Carbon credits — which each entitle owners to release a tonne of carbon dioxide into the atmosphere — closed at $51.70 Tuesday, prior to the policy announcement, and dropped as low as $41.50 today, before recovering somewhat to $47, ANZ economist Matt Dilly said.
For much of the previous two weeks they had been trading in a relatively tight band around $55 according to Transpower-owned EMSTradepoint.
The price drop makes it cheaper for businesses such as fossil-fuelled electricity generators and large manufacturers to release carbon dioxide into the atmosphere and therefore has the effect of reducing the incentive for them to invest in carbon-abating technologies.
Dilly said the market for carbon credits was reasonably liquid and it tended to react rationally to market developments.
The changes announced by the Government mean the policies underpinning the Emissions Trading Scheme, such as the number of new carbon credits the Environment Ministry puts up for sale in quarterly auctions, will no longer need to be set with the goal of ensuring that the ETS alone achieves the commitments the Government has made under the Paris agreement to reduce emissions.
The Government is also planning to cut back the advice the Climate Change Commission needs to provide to the Government and push back by 25 years the date by which the public sector itself needs to become “carbon neutral”, to 2050.
Climate Change Minister Simon Watts declined to accept the drop in the carbon price was caused by the changes in government policy he had announced, when repeatedly pressed on that on Wednesday.
“It's a market, and the reality is the market is dealing with demand and supply considerations,” he said.
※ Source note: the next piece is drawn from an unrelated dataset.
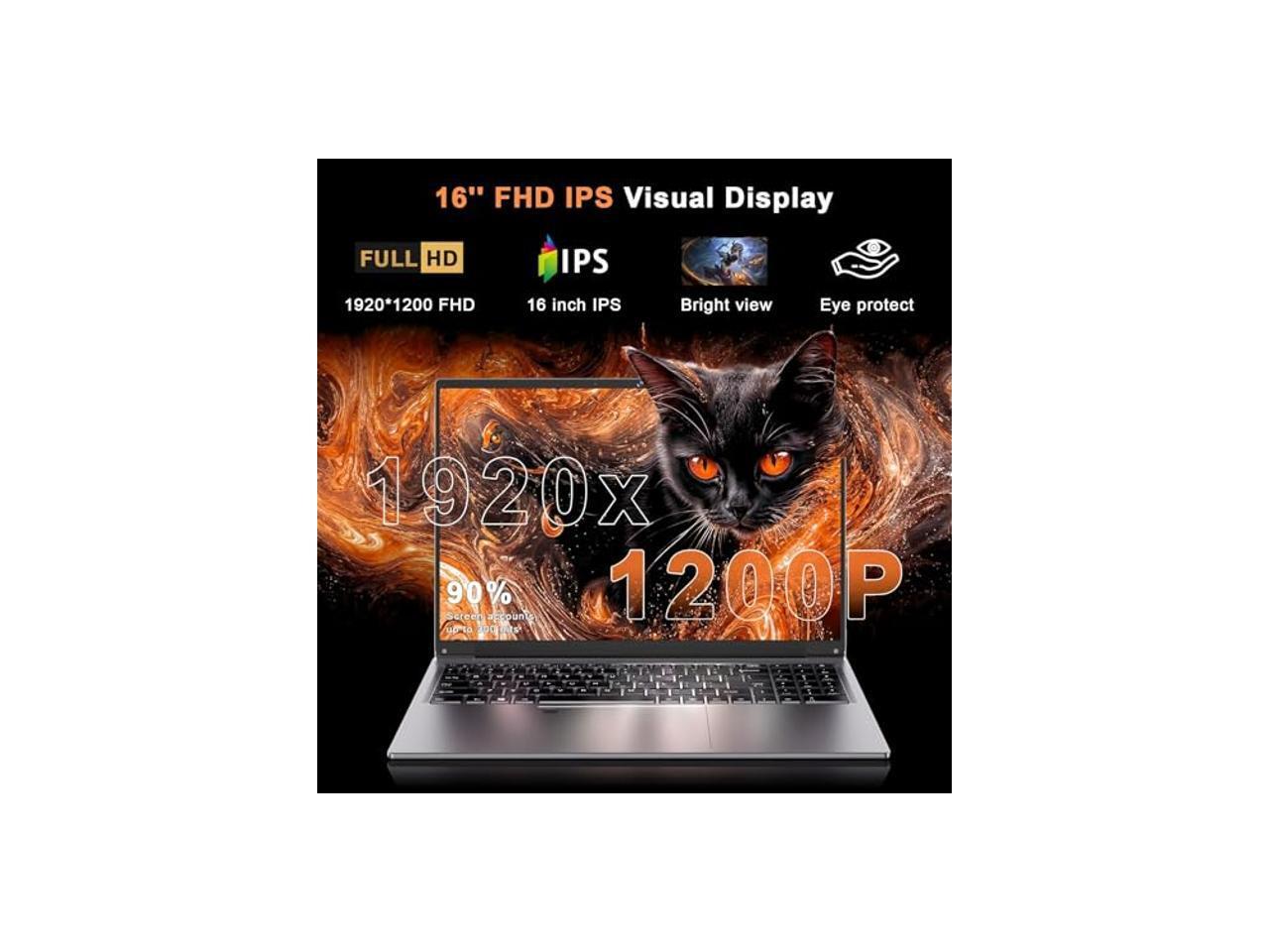- 16" FHD IPS DisplayWin 11 Pro lap top comes with a 16-inch 1920×1200 FHD IPS screen with a 16:10 golden aspect ratio and ultra-narrow bezels, maximizing visual real estate for immersive viewing. Equipped with an anti-glare coating and eye-friendly technology, it significantly reduces eye strain during long work or entertainment sessionsperfect for remote workers, students, or binge-watchers. Plus, the IPS panel delivers wide viewing angles, ensuring vibrant, true-to-life colors from any position. Crisp details, smooth visuals, and comfortable viewing combine to elevate your multitasking, streaming, and content creation experience.

James Renwick, a geography professor at Victoria University, described the Government’s announcements as worrying and consistent with the lowering of targets for the reduction of methane emissions. They sent a clear signal that the Government was not serious about domestic emissions reductions, he said.
The most significant change was the Climate Change Commission would no longer be required to provide advice to the Government on emissions reduction plans, he said, arguing that “did away with one of the fundamental reasons for having the commission in the first place”.
That, combined with the decoupling of ETS settings from the Nationally Determined Contributions the Government agreed to make under the Paris agreement suggested it was making it easier to weaken domestic action, perhaps implying increased reliance on purchasing offsets overseas, Renwick said.
Nathan Cooper, associate professor of law at the University of Waikato, said questions were being asked about “how serious the coalition government is on climate change” ahead of the “COP30” UN climate change conference in Brazil next week.
Watts said the new policies did not “lower our ambition” on climate change.
Instead the policies would “reduce costs to government and business and provide greater certainty, enabling us to make meaningful reductions more efficiently”, he said.
New Zealand was playing its part promoting an international consensus on climate change and focusing on what it could do to reduce emissions, Watts said.
“I think that all signals that we are taking action.”